**Work instructions:**
Your copy should start at the line with "从国家统计局公布的数据来看,食品价格上升" and end at the line with "其核心产品植物源重组人血清白" in the data below. Transcribe only those lines, exactly, pictures excluded.

**Supplied data:**
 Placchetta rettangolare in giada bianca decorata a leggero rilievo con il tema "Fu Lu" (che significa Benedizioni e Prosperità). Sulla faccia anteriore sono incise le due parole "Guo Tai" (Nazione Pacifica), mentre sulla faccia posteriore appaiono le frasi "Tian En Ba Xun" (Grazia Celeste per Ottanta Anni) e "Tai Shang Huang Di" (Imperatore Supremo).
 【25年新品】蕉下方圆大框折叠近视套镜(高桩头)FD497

==

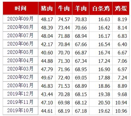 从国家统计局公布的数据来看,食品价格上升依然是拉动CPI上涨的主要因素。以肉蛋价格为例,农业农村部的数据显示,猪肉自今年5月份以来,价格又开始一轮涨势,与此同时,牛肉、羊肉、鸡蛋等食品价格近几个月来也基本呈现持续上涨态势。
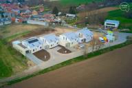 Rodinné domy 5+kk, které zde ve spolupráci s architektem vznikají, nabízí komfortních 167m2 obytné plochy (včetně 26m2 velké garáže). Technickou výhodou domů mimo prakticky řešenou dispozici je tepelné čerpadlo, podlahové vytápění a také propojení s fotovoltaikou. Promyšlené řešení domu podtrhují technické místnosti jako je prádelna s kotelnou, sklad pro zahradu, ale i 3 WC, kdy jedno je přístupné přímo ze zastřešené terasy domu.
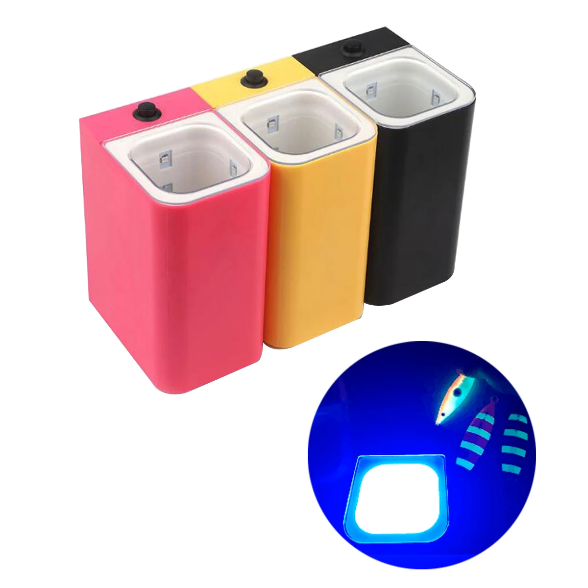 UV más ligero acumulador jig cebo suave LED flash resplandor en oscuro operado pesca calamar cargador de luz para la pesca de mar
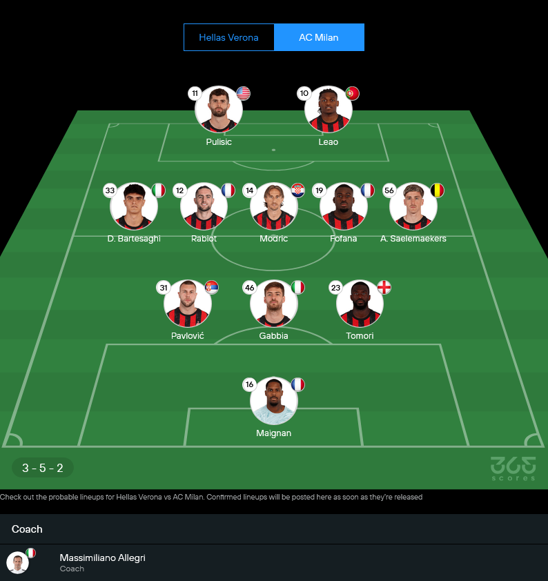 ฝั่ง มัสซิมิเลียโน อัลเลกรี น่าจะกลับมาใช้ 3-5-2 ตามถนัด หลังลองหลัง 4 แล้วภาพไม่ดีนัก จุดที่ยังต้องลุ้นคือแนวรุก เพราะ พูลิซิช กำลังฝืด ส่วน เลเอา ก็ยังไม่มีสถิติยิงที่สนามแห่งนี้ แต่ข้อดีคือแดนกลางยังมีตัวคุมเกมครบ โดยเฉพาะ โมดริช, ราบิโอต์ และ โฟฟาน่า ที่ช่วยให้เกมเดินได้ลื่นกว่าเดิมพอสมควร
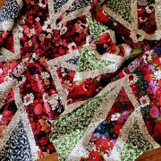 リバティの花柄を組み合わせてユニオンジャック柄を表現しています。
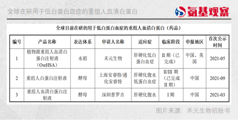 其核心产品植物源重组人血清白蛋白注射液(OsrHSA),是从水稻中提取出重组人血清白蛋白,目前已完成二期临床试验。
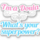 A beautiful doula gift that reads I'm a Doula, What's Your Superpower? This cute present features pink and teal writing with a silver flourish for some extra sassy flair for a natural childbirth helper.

...

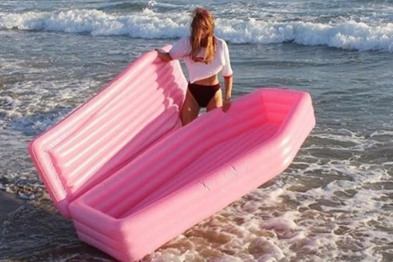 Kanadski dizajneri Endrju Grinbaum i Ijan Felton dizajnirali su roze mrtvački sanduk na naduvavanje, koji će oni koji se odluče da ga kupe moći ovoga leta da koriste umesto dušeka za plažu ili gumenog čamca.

**Answer to this problem:**
 从国家统计局公布的数据来看,食品价格上升依然是拉动CPI上涨的主要因素。以肉蛋价格为例,农业农村部的数据显示,猪肉自今年5月份以来,价格又开始一轮涨势,与此同时,牛肉、羊肉、鸡蛋等食品价格近几个月来也基本呈现持续上涨态势。
 Rodinné domy 5+kk, které zde ve spolupráci s architektem vznikají, nabízí komfortních 167m2 obytné plochy (včetně 26m2 velké garáže). Technickou výhodou domů mimo prakticky řešenou dispozici je tepelné čerpadlo, podlahové vytápění a také propojení s fotovoltaikou. Promyšlené řešení domu podtrhují technické místnosti jako je prádelna s kotelnou, sklad pro zahradu, ale i 3 WC, kdy jedno je přístupné přímo ze zastřešené terasy domu.
 UV más ligero acumulador jig cebo suave LED flash resplandor en oscuro operado pesca calamar cargador de luz para la pesca de mar
 ฝั่ง มัสซิมิเลียโน อัลเลกรี น่าจะกลับมาใช้ 3-5-2 ตามถนัด หลังลองหลัง 4 แล้วภาพไม่ดีนัก จุดที่ยังต้องลุ้นคือแนวรุก เพราะ พูลิซิช กำลังฝืด ส่วน เลเอา ก็ยังไม่มีสถิติยิงที่สนามแห่งนี้ แต่ข้อดีคือแดนกลางยังมีตัวคุมเกมครบ โดยเฉพาะ โมดริช, ราบิโอต์ และ โฟฟาน่า ที่ช่วยให้เกมเดินได้ลื่นกว่าเดิมพอสมควร
 リバティの花柄を組み合わせてユニオンジャック柄を表現しています。
 其核心产品植物源重组人血清白蛋白注射液(OsrHSA),是从水稻中提取出重组人血清白蛋白,目前已完成二期临床试验。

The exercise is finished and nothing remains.